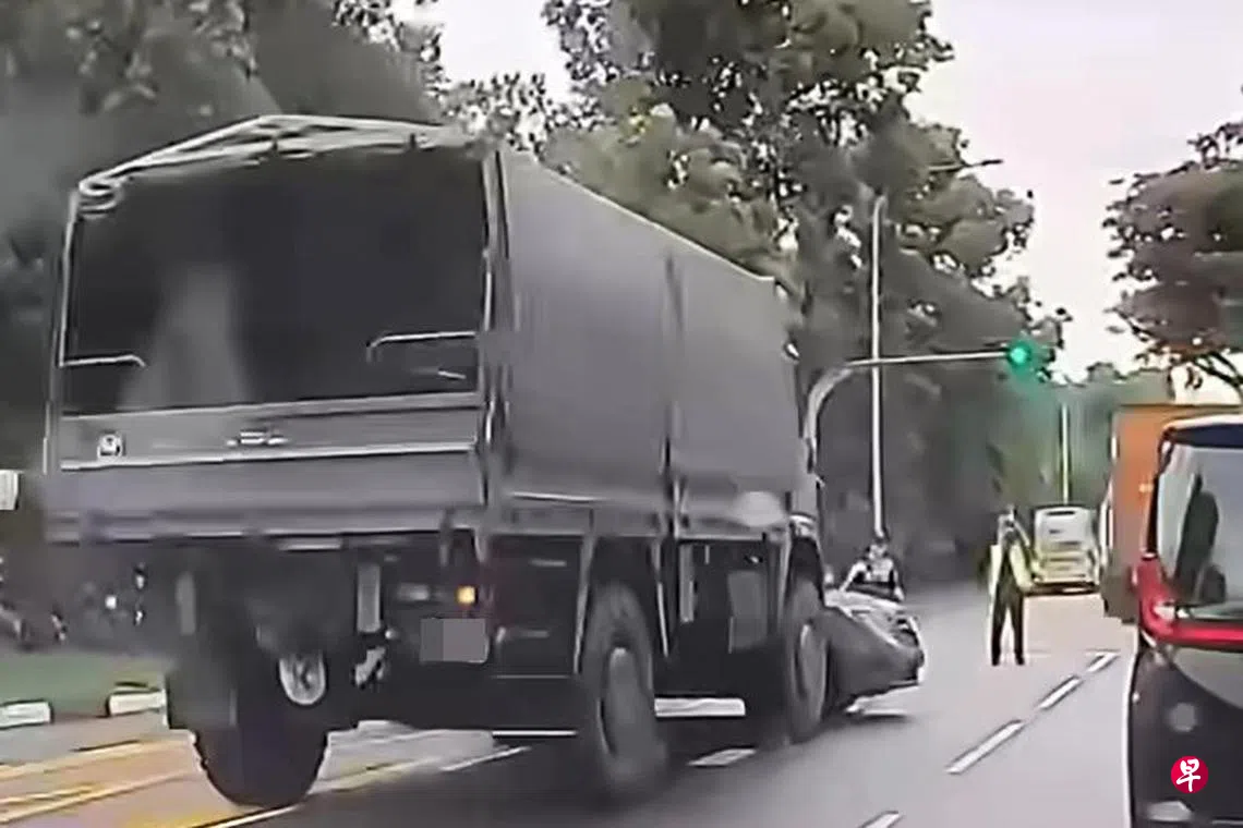 这起车祸发生在星期二(6月10日)早上7时,地点在樟宜东路上段前往新樟宜路上段方向。网络上流传的视频显示,一辆武装部队卡车和一辆小型货车相撞,交通一度受阻。
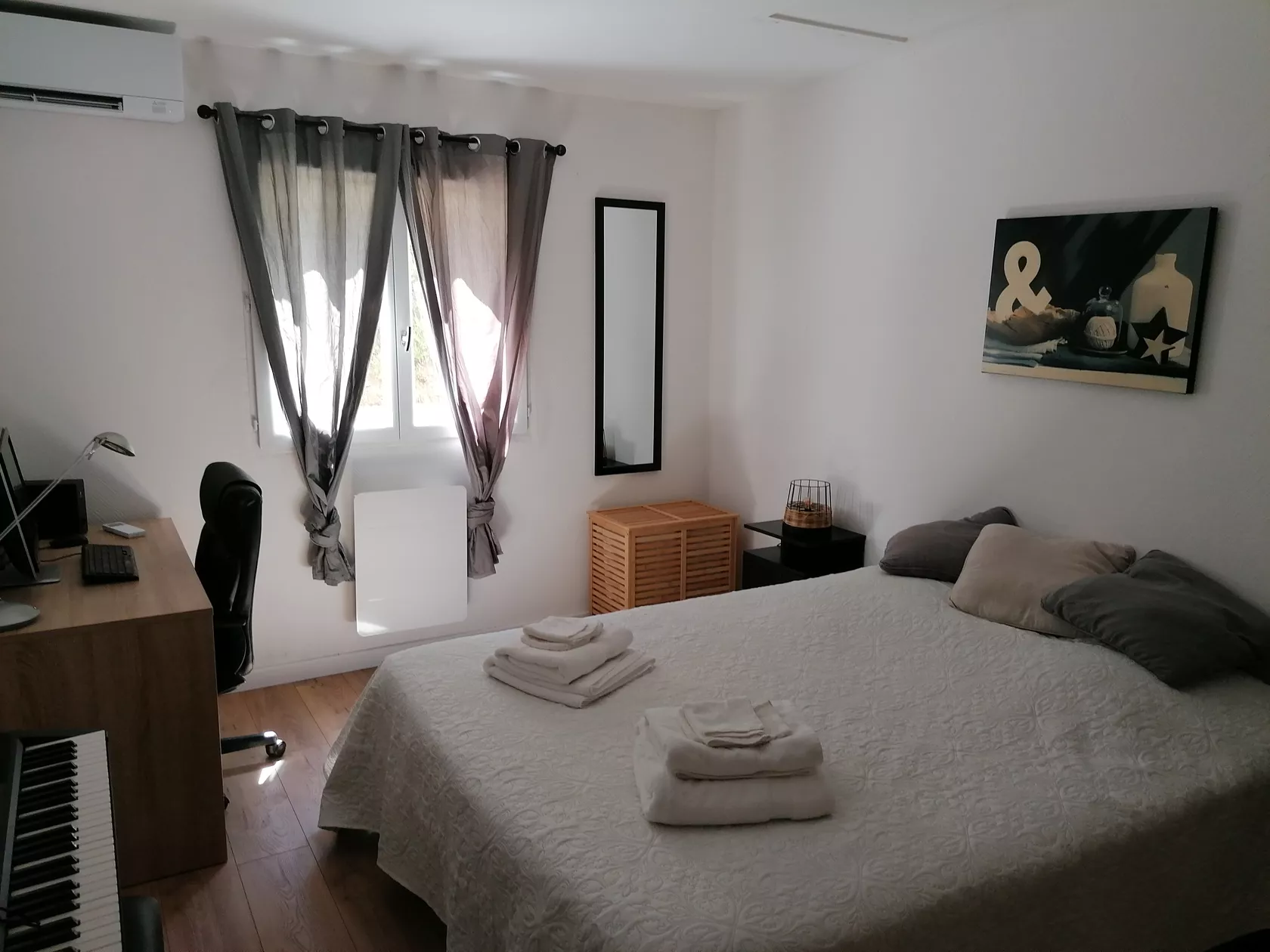 Airconditioning in woonkamer en slaapkamers.
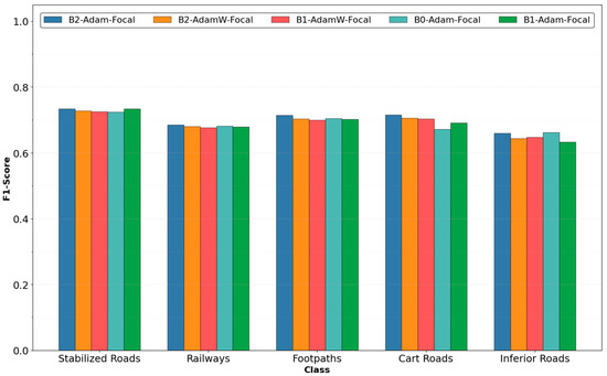 The class-wise evaluation (Table 3 and Figure 3) across the five best experiments highlights that the stabilized roads are most accurately detected, with F1 scores ranging from 0.724 to 0.734. Railways and footpaths show similar scores, with most of the models falling into the 0.67–0.71 range. Cart roads have the biggest variability among the models, with scores between 0.671 (B0-Adam-Focal) and 0.715 (B2-Adam-Focal), suggesting that the experiment configuration has significant effects for the detection of this road type. On the other hand, inferior roads presented the lowest F1 scores, varying between 0.633 and 0.662, indicating the identification of this road type is the most challenging one for this dataset.
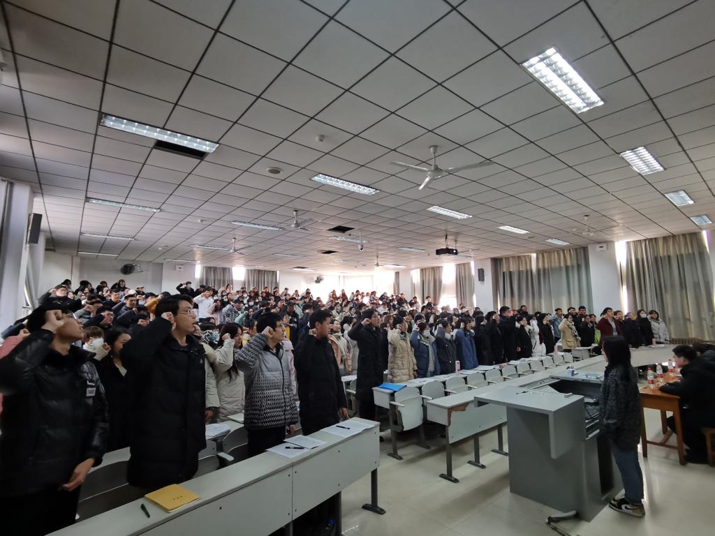 这一学期获得的成绩进行了总结,并对相关活动参赛人员进行鼓励。随后,各位辅导员老师进行讲话,强调了诚信考试的重要性。会议第二项,学生会主席金龙梅带领全体同学宣誓诚信考试。会议第三项,品凤楼
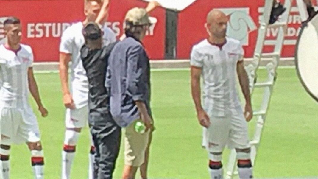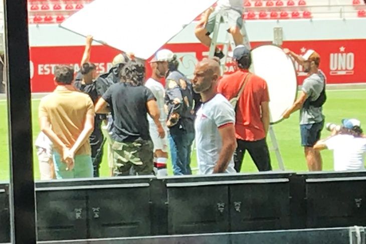 Sucede que ayer un simpatizante Albirrojo que transitaba ocasionalmente por el frente del Estadio descubrió que estaban sacando fotos en el campo de juego para la presentación de la camiseta, e inmortalizó el momento a través del portón del bar temático.
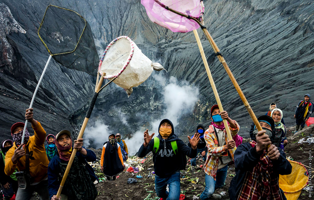 Традиционный фестиваль Ядня Касада проходит на острове Ява в Индонезии. Местные жители бросают в кратер вулкана Бромо подношения в виде риса, фруктов, овощей, цветов и домашнего скота, чтобы получить благословение. В это время другие участники ритуала стоят внутри кратера и пытаются поймать еду, приносимую в жертву вулкану.
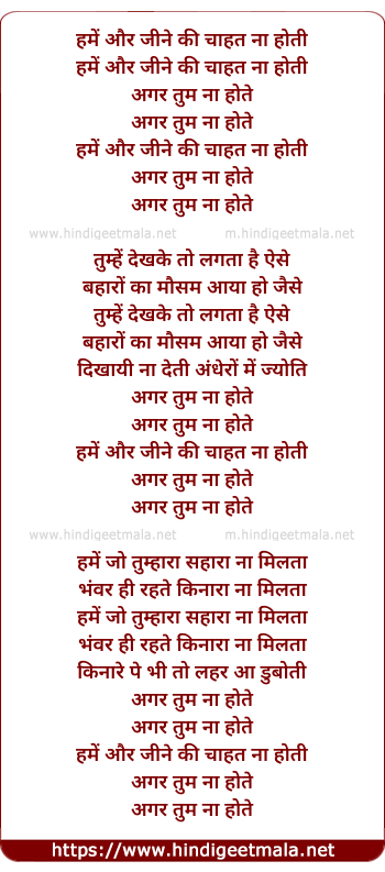 Lyrics of Agar Tum Na Hote (Male) - अगर तुम ना होते
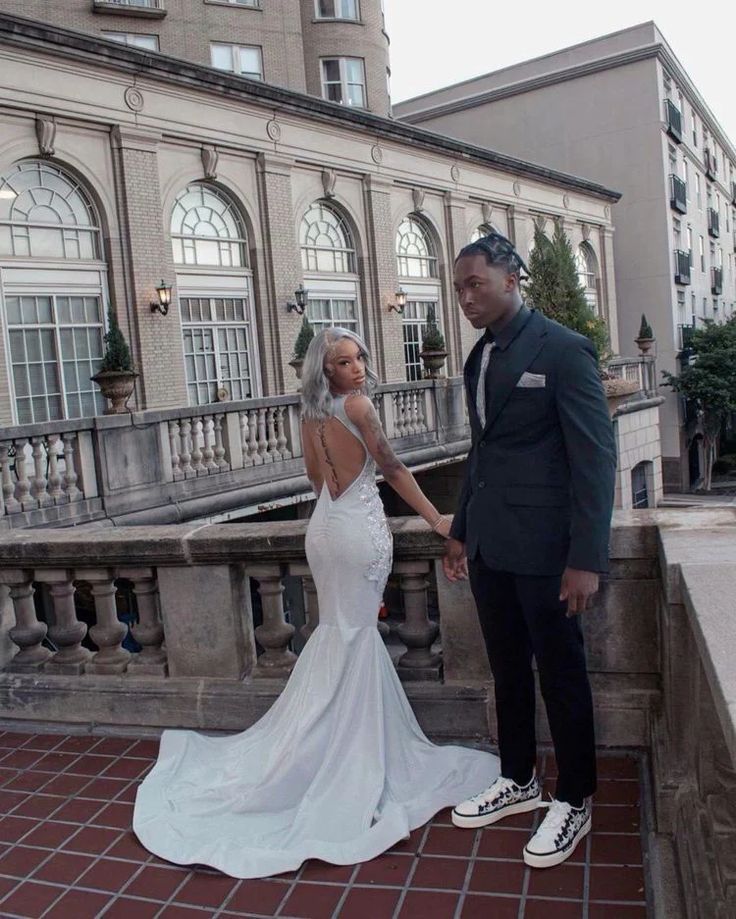 Shining Silver Mermaid Long Sleeves Prom Dress

++++++

ASSIGNMENT: Copy only the lines running from the one that holds "Sucede que ayer" through the last line of the data, and include both of those lines. Do not copy any pictures.

TASK ANSWER:
 Sucede que ayer un simpatizante Albirrojo que transitaba ocasionalmente por el frente del Estadio descubrió que estaban sacando fotos en el campo de juego para la presentación de la camiseta, e inmortalizó el momento a través del portón del bar temático.
 Традиционный фестиваль Ядня Касада проходит на острове Ява в Индонезии. Местные жители бросают в кратер вулкана Бромо подношения в виде риса, фруктов, овощей, цветов и домашнего скота, чтобы получить благословение. В это время другие участники ритуала стоят внутри кратера и пытаются поймать еду, приносимую в жертву вулкану.
 Lyrics of Agar Tum Na Hote (Male) - अगर तुम ना होते
 Shining Silver Mermaid Long Sleeves Prom Dress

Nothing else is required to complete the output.